Stephanie realised just how much her fear had taken over her life when she became a mum following the birth of daughter Leah, now nine years old.

And, to top matters off – her dad even took up balloon modelling as a HOBBY so he could perform at Leah’s third birthday party dressed as a clown.

“He didn’t do it to upset me,” she said. “He knew Leah would love it.”

(Andrew Cawley / DC Thomson)
(Andrew Cawley / DC Thomson)

If Leah wanted to bring a balloon home from a friend’s party Stephanie would insist she hide it in the car boot so it wasn’t near her.

But Stephanie, who also has a three-year-old son called Logan, is hoping her fear of balloons is now in the past after undergoing hypnotherapy.

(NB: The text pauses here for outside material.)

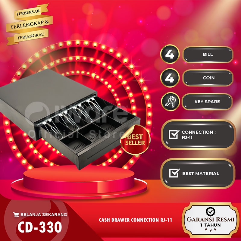 IWARE LACI KASIR CASHDRAWER MINI CD-330 / CD-320 4 BILL 4 COIN RJ11

A video recorded by Transformations hypnotherapists, in Fife, shows Stephanie going under hypnosis and then handling balloons, blowing one up and bursting it without suffering her usual symptoms.

Marina Collins of Transformations said she used a method called kinetic shift, which involves confronting a phobia with your “eyes open” to treat Stephanie.

She said: “You learn a phobia very fast and your subconscious can learn to change just as quickly.

“It’s good to see when people see the change in themselves.”

A relieved Stephanie said: “It’s made a big difference. Instantly, the fear of these harmless things was gone.

“I can see a balloon and it doesn’t bother me.

“Logan turns four in May so I’m going to see if I can finally fill my living room with balloons.”